Single by Mk.gee
- Released: October 18, 2024
- Length: 2:59
- Label: R&R
- Songwriters: Michael Gordon; Zack Sekoff;
- Producer: Mk.gee

Mk.gee singles chronology
| "Lonely Fight" (2024) | "Rockman" (2024) |  |

= Rockman (song) =

2024 single by Mk.gee

"Rockman" is a song by American singer-songwriter, producer, and multi-instrumentalist Michael Gordon, known professionally as Mk.gee. Released on October 18, 2024, through R&R, it serves as Gordon's second standalone single, following "Lonely Fight", after the release of his debut album Two Star & the Dream Police (2024).

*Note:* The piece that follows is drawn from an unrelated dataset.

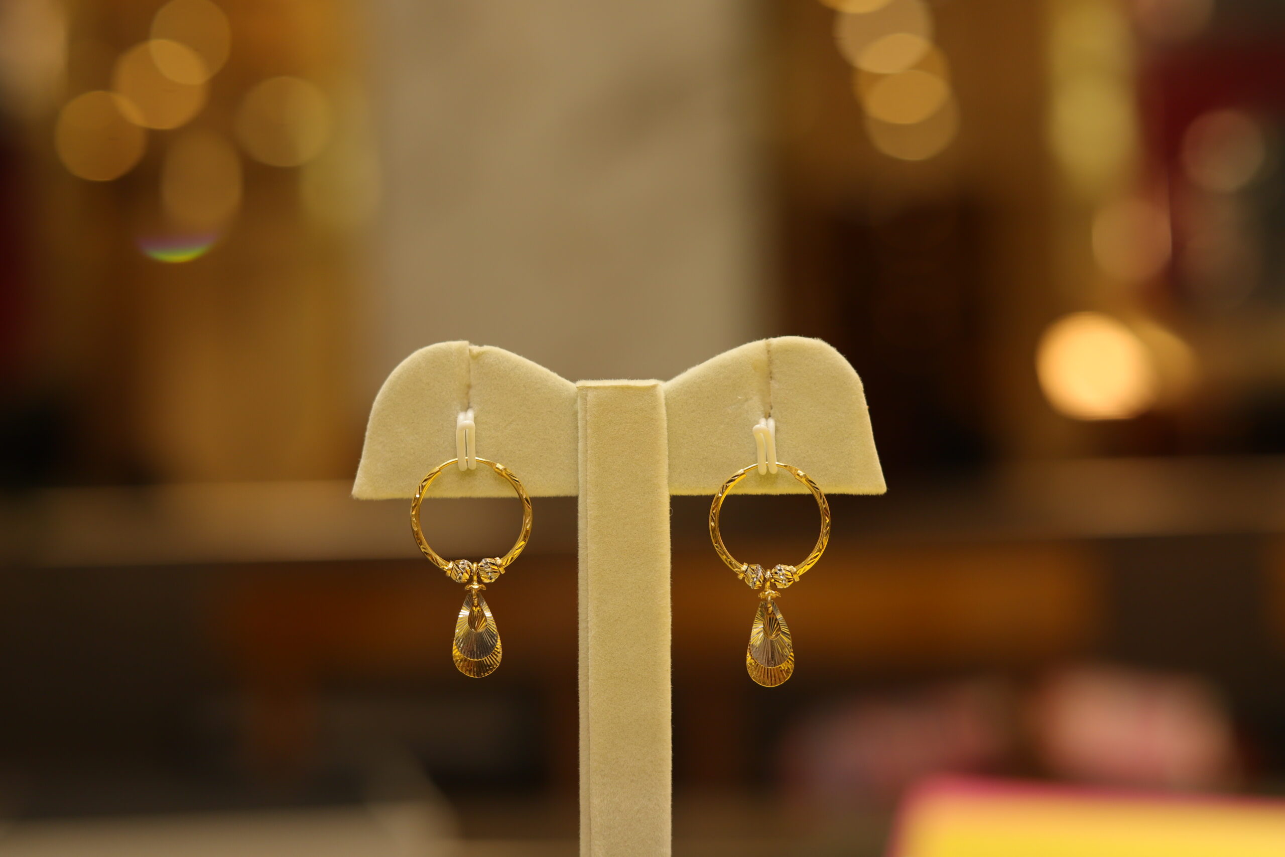 Textured circular and teardrop-shaped gold dangler earrings for the urban woman. This trending pair of hoop earrings speaks volumes with its contemporary aesthetic design and is a beautiful symbol of simple elegance. Goes perfectly with workwear, festive looks, and party attire.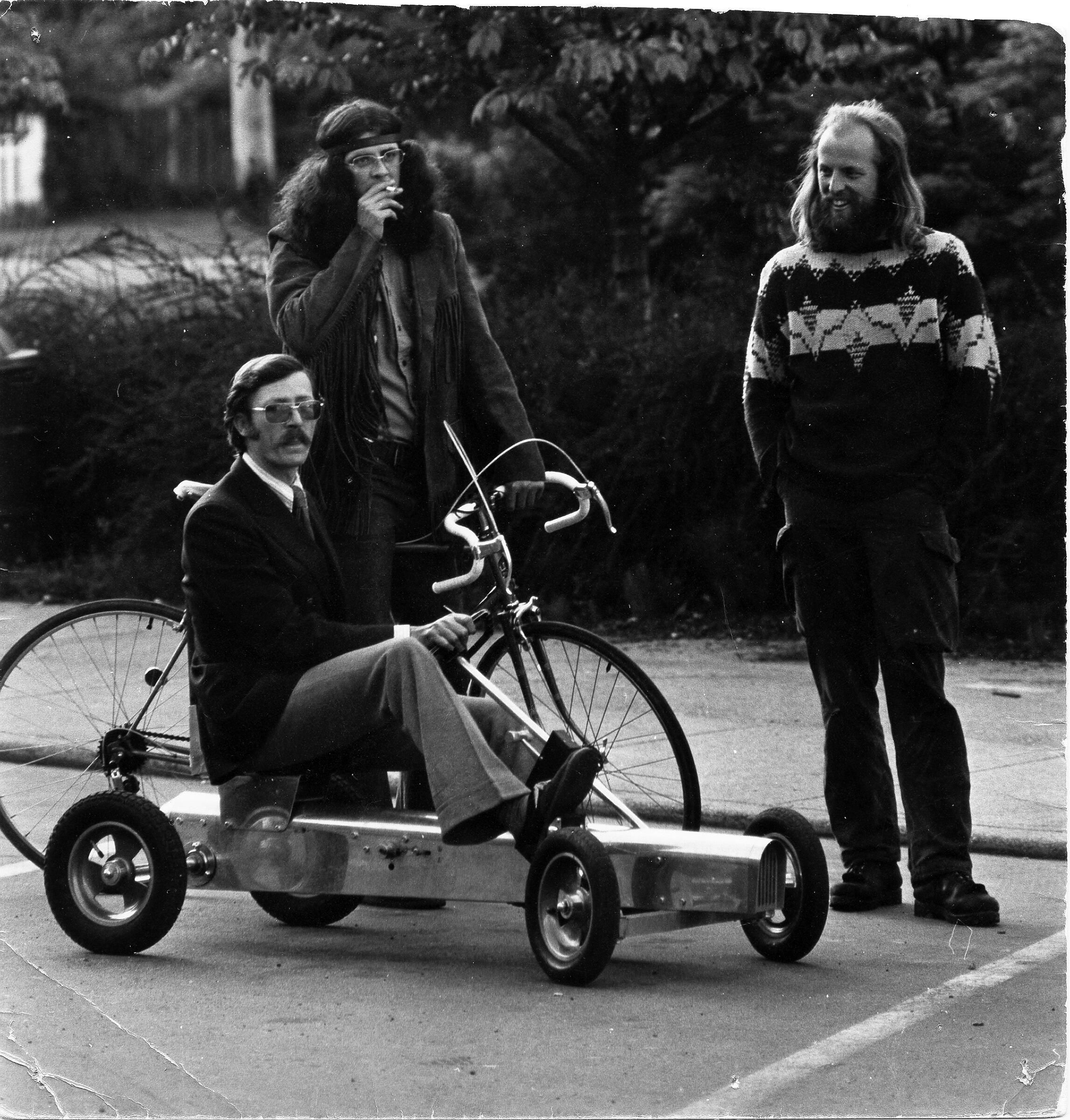 Local Characters - three men. Two standing, one holding bike. The third man sitting on a go-cart ( in suit) - Adrian Schweitzer Collection

Receiving critical acclaim, the song became Gordon's first charting single, appearing on several Billboard alternative airplay charts. It was nominated for Record of the Year at the 2025 Libera Awards.

== Composition ==
"Rockman" is composed in the key of D-sharp major with a time signature of , and has a tempo around 134 beats per minute.

== Live performance ==
On November 9, 2024, Gordon appeared as a musical guest on Saturday Night Live where he performed "Rockman" along with "Alesis", a non-single track from Two Star & the Dream Police.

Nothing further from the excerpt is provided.